We witnessed some of the violence of human inquisition. A woman inserted multiple small vials that
contained saliva from other people into her vagina with the help of gynecological instruments. She laid
on the table, naked, invaded, for a long time. A videocamera and projector transfer the closeup of the
intruments and flesh onto the wall behind her. One audience member kept standing in the path of the
projection, blocking our view from the closeup images. Was she aware or completely oblivious to what
she was doing? Later the actress stated that she thought it was, quote: 'fun' to do that scene; fun to do,
and fun to make people see that... Fun... I don;pt think I fully understood what she was after.
Another woman had placed herself supine and naked on the floor, immobile, hear breath barely visible,
to not ever move again throughout the entire duration of the piece, while people placed little wooden
sticks dipped in chlorophyll around her and in between her feet, thighs, arms and torso. I can't
remember what the meaning behind this section was.

Carolina Novella took off her clothes to bathe with kombucha skin in a tiny tub, skin on skin, two life-
forms meeting. One active the other passively enduring. We will never know if the kombucha liked it
or not.

Anuj Vaidya placed live kombucha sheets onto a drying rack and throughout the majority of the
performance was busy sewing several dried sheets together to form a projection screen. Gentle
violence.

Arielle Estrada Sol and one of the company members of Quimera Rosa were closely engaged in what
to me had a feeling of Bacchus-like love and grooming; crushing chlorophyll and glitter to make
toenail polish, lip-gloss. Their nature seemed to be less human than the others in the room, extremely
self-absorbed and private.

A video tells the story of a woman being injected with a microchip that will slowly change her into a
plant, invading her body, taking over, changing her senses, her thoughts, her being. The film play son
loop on a TV.

Another station was an interactive installation; an offer for audiences to sort and categorize items.
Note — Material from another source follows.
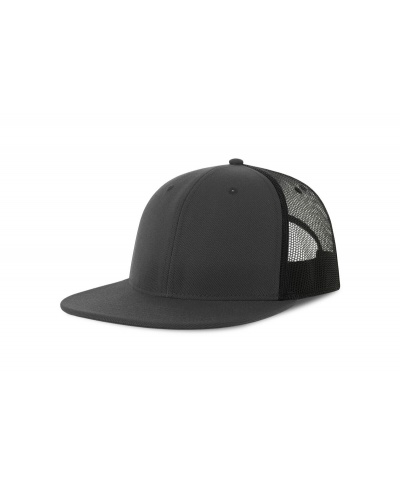 Flacher Schirm, PVC-Verschluss, Schweißband: 35 % Baumwolle / 65 % Polyester, Kontrastschirm, genähte Lüftungsschlitze, hinteres Netz, seitliches Netz, strukturiertes Frontpanel, 6 Nähte am Schirm.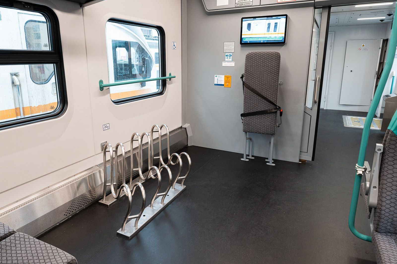В вагонах над дверями появились табло выхода, доработаны велосипедные стойки, добавлены прислонные накладки для стоячих пассажиров и урны для мусора в тамбурах. В санитарных помещениях изменилось расположение элементов, установлено бесконтактное оборудование, а для пассажиров с детьми предусмотрен пеленальный столик.

Only female bodies took off their clothes. All the male bodies stayed fully dressed in street-clothes or a
costume. Only female bodies were penetrated, offered themselves up for the invasion. It seems that all
objects of investigation either were, or identified as, female or plant to some degree. Women and plants
under the microscope. Yet the role of the physically male participants is not clear. Are they at the edge
of femaleness? Do we see degrees of femaleness, of vulnerability? The more masculine, the more
protected? We see Kevin and Anuj in the role of leaders and guides. These messages, whether
intentional or not, seemed not clear to me.
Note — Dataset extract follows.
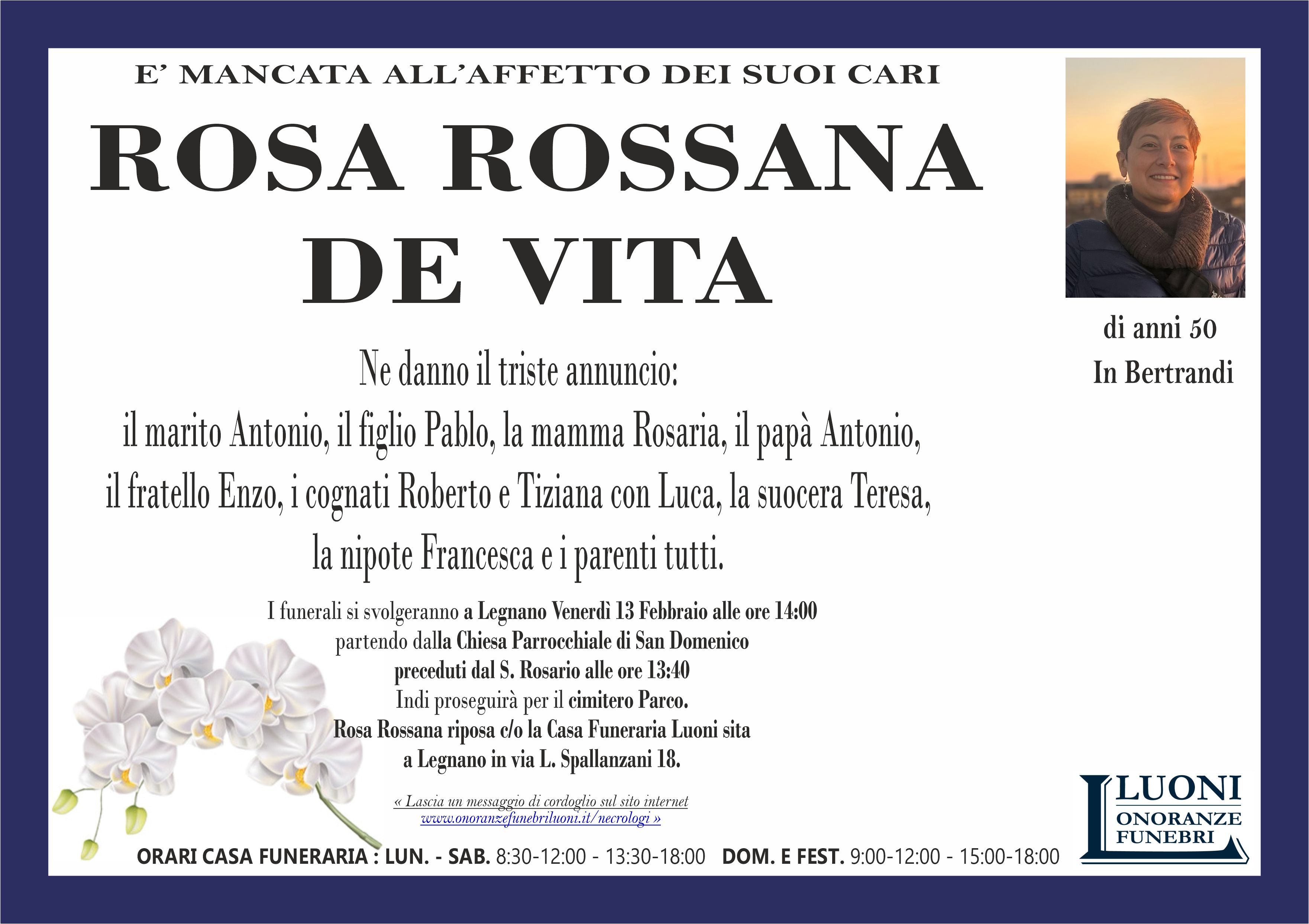 Home page \ I necrologi \ ROSA ROSSANA DE VITA

The event left me with many questions and uncertainties. What was the point of the installation and the
performance? How aware are the performers of the cliches that they explore and perpetuate? How
intentional was the gendering, the othering? Certainly we were exposed to the intersection of lifeforms,
the similarities between human and non-human, between spectator and subject, life and death, intruder
and intrusion. How do we perceive the inside of female bodies? Is it good that someone finally just
allows for the female body to not have anything to hide or be ashamed of, of is it yet another moment
of exploitation and sensationalism? When will we know which is which? I suppose the audiences are
the key element, our society, humanity, even. Only when audiences seize to misinterpret, to objectify, to
lust after rather than to see the person. The vulnerability of the female performer makes me angry at the
audience. I take it personal.

The piece ended on a somewhat hopeful note, with science as the savior that can heal cancer. But the
science seems fake, as the simplicity of blue or white LED light is what does the curing. All you have
to do to cure cancer is buy an LED flash-light. A strange mix of snake-oil salesmen and new
technological breakthroughs. This performance certainly expressed the childlike ignorance with which
the general public views and applies science and technologies. We know a lot, and use a lot of
technologies, but don't really understand any of it and misapply it to conduct pseudo experiments and
create a new scientific romanticism and mysticism.